It seems I must join the fray. Not to climb the Mandela bandwagon, but to support a deeper truth, that South Africa incubated Mandela. Smuts, Sir Seretse Khama, Albert Luthuli, Trevor Huddleston in different ways all contributed the dignity of humanity free of race, or prejudice, which might have given Mandela his faith in what he sought to achieve. I grew up amongst many of them, Afrikaaners, English speaking Whites and Blacks of varied tribal origins. On the strength of the post I wrote immediately after news of his death I have been asked by several to recall my South Africa, in vignettes, stories, and recollections. It seems a suitable moment to offer these.

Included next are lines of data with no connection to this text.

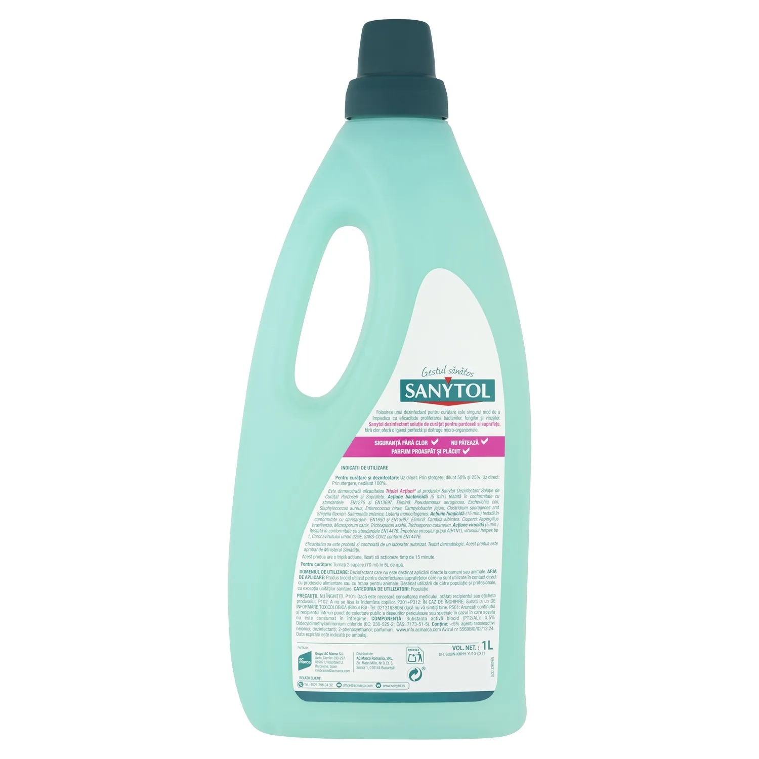 Средство Sanytol, эксперт в дезинфекции без хлора. Разработана уникальная композиция, которая очищает, удаляет жир и нейтрализует аллергены из пылевых клещей, пыльцы и кошек с эффективностью 99%. Обеспечивает идеальную дезинфекцию и удаления бактерий, вирусов и грибков. Он не содержит хлора, не окрашивает, оставляет свежий чистый аромат.
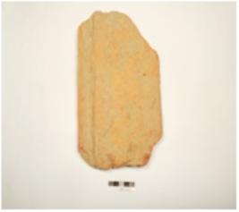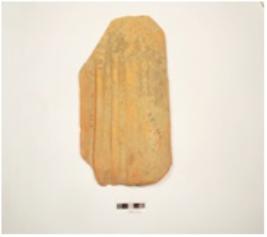 | Description / विवरण | Fragment of a handmade terracotta roof tile, coarse fabric, with channel shape depress series on surface. |
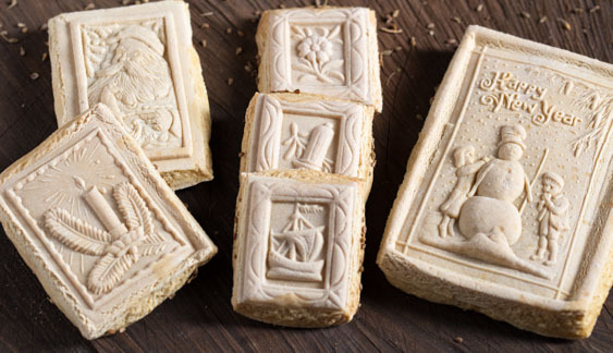 Americans in the upper Midwest probably bake more Springerle today than do most Germans. Yet these pale picture cookies in tablet form with their beautifully modeled surfaces, fine dryish crumb, and the spray of anise seeds stuck fast to the bottoms of their feet go back to the Middle Ages. In fact, archeological findings reveal that ancient Greeks and Romans embossed flatbread dough with molds made from stone and clay. The earliest Springerle in Germany and Switzerland were formed from molds depicting the pagan motifs—sunbursts, horses, cattle, and trees—and were offered to the gods at the celebration of the Winter Solstice. With the birth of Christianity, Springerle entered monasteries, where they joined Lebkuchen (already in progress). Indeed, the first monastic Springerle were made using Lebkuchen molds. Later, molds carved in the monasteries depicted Christian motifs such as angels, St. Nicholas, oxen and donkeys, Mary and Joseph, and the baby Jesus.
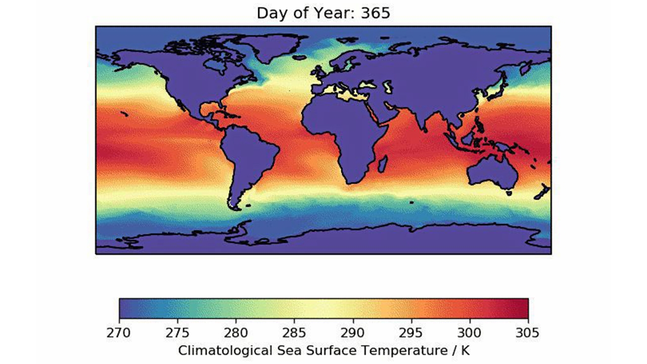 นักวิจัยของโครงการ Climate Change Initiative ขององค์การอวกาศยุโรป หรืออีเอสเอ ได้สร้างชุดข้อมูลเป็นเวลานานเพื่อจับการเปลี่ยนแปลงของอุณหภูมิพื้นผิวทั่วมหาสมุทรโลก พวกเขาอธิบายว่าการแลกเปลี่ยนความร้อนและไอน้ำระหว่างมหาสมุทรและชั้นบรรยากาศมีอิทธิพลต่อการสร้างพายุเฮอริเคนในเขตร้อน และสร้างความรุนแรงของพายุดังกล่าว รวมถึงยังสามารถปรับเปลี่ยนรูปแบบสภาพอากาศในหลายภูมิภาค ทำให้เกิดภัยแล้งและน้ำท่วมอย่างรุนแรงจากพายุที่พัดผ่าน
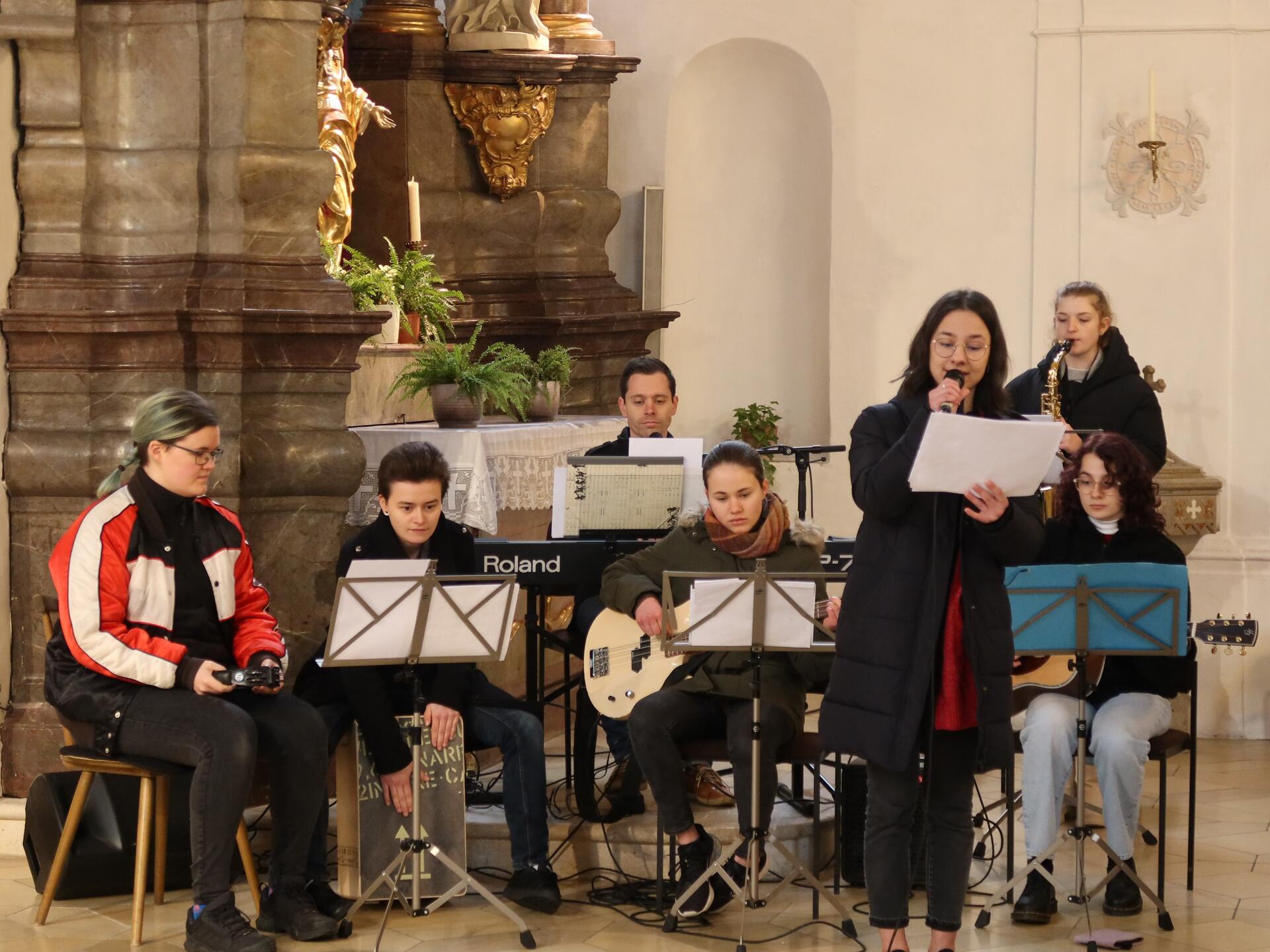 Einer erklang gleich zu Beginn. Mit schwungvollen bis fetzigen Liedern begleitete die Band „Concino“ unter der Leitung von Fabian Mnich den Gottesdienst und lud - wie der Name sagt - natürlich auch zum Mitsingen ein. Dazu begeisterte die Musikgruppe aus ehemaligen Schülerinnen der Maria-Ward-Realschule mit Instrumentalliedern und dem Sologesang von Leonie Höger.

Let me start with a history long before Mandela….

Before Mandela had been heard of, my grandfather Harold Jowitt, ‘Heli’ had been Director of African Education’ in Rhodesia, in Uganda,and when I knew him, Bechuanaland (Botswana) and then Basutoland (Lesotho). He spoke both Swahili and Zulu fluently. Rather than my views here is an extract from the ‘Journal of African Society. Vol 33 No 133 published in October of 1934.

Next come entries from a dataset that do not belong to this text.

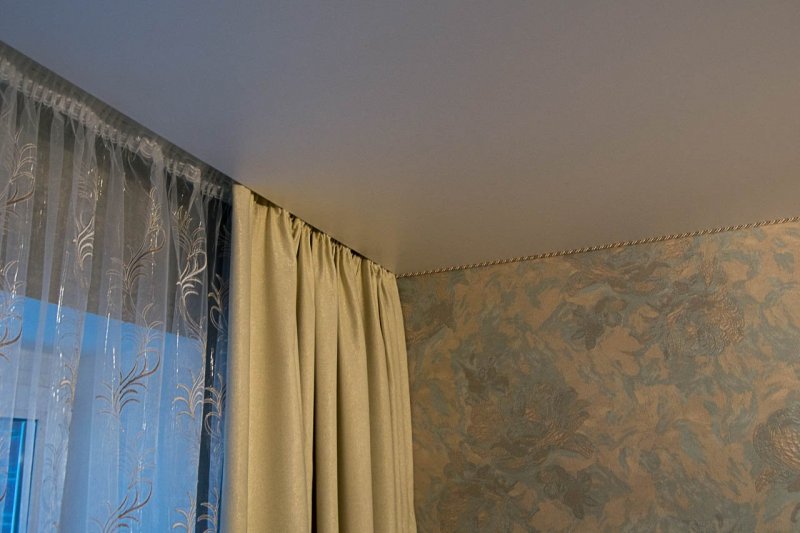 Скрытый – в этом случае карниз незаметен, он «прячется» в нише. Способ относительно сложный, но выглядит интереснее – занавески будто бы ниспадают из-за плоскости потолка. Карниз приобретается перед тем, как сняты мерки с потолка – размер карниза соответствует величине ниши, площади полотнища. Крепится карниз на перекрытия потолка – применяются дюбели, имеющие металлическую либо пластмассовую гильзу. В двух-четырех миллиметрах от карниза приделывается брус из древесины – туда позднее монтируется профиль, фиксирующий потолочное полотно. Прикрепляют его с той стороны, где карниз, чтобы пленка закрывала брусок целиком. Наилучшим образом такой вариант подходит для очень блестящего потолка.
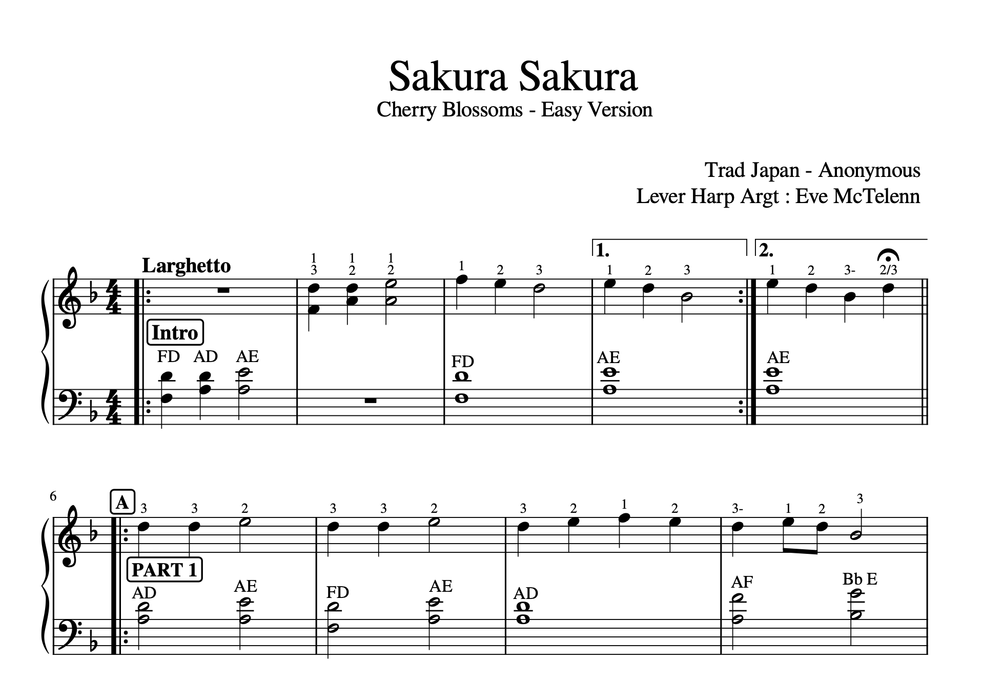 Key of D - 34 Strings Harp Friendly - Early Intermediate
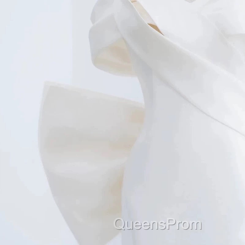 Unique Mermaid Off The Shoulder Long White Satin Wedding Dress
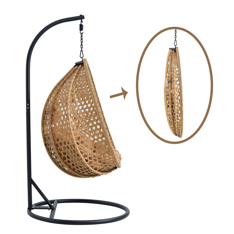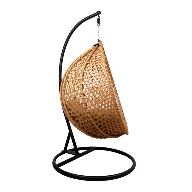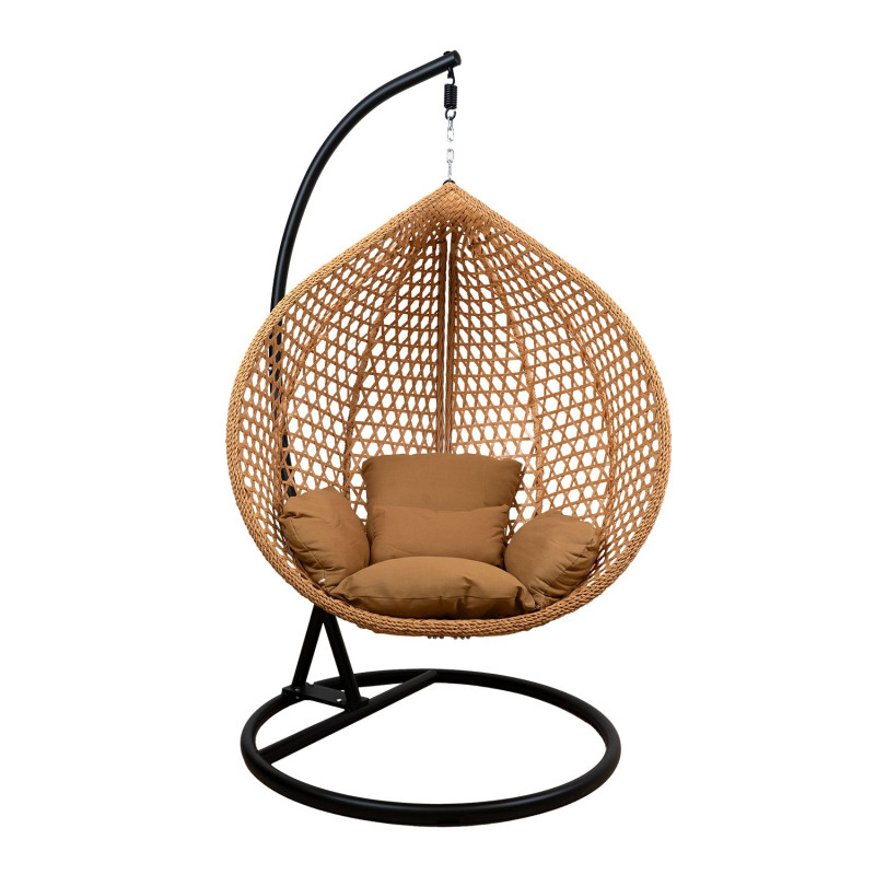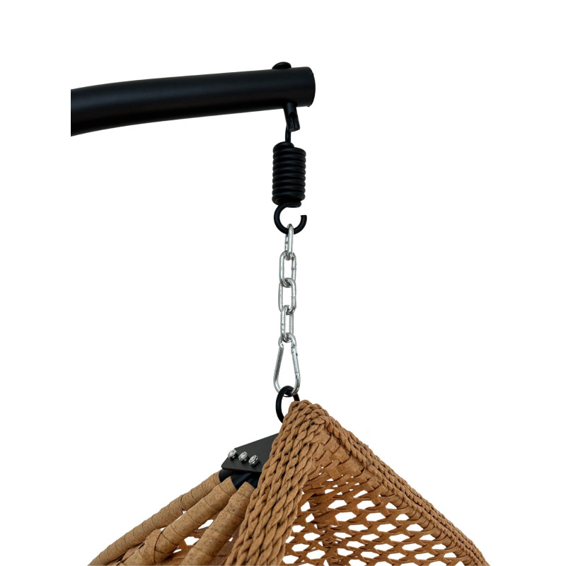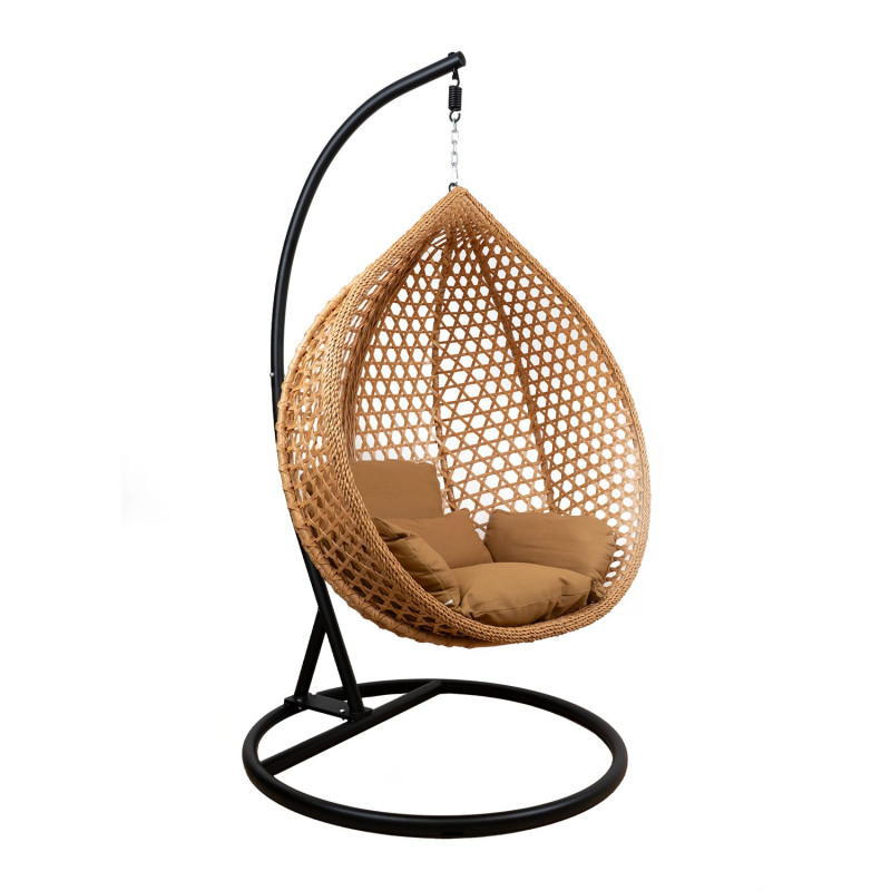 Černý sloup a základna z kovu mají na starosti maximální stabilitu a bezpečnost při houpání. Světle hnědý polštář, který je součástí, vám poskytne měkké a pohodlné sezení, které vás vždy vyzve k odpočinku. Základna má průměr 103 cm a výšku 195 cm, zatímco koš disponuje rozměry 115 x 76 x 131 cm, takže vám dopřeje dostatek prostoru pro pohodlné sezení.

Suggested Methods for the African School. By Harold Jowitt (Longmans) ( One of his books still available at a high price) The writer of this extract is not identified.
‘Some years ago an Inspector in Natal took the reviewer (this author) to visit a number of remote native schools. It was a very interesting experience. The Inspector was greeted with enthusiasm wherever he went. His aim was to help teachers to be better teachers and occasionally he would take charge of classes for an entire morning in order to show them how to do it. Arithmetic, writing, nature study, scripture- indeed anything on the timetable was taken just as it came, and all this was done in the native language without even a word of English. This was an Inspector after Matthew Arnold’s own heart
‘Heli’ The School Inspector. Riding throughout Zululand in a jacket and tie as any respectful Inspector would!
In a much longer chapter of a book only published in 1998, the following direct quotations about Heli and from his correspondence appear.
‘He was an educator of imposing stature, a dynamic leader of immense popularity…an innovator willing to risk his reputation in order to try new ideas’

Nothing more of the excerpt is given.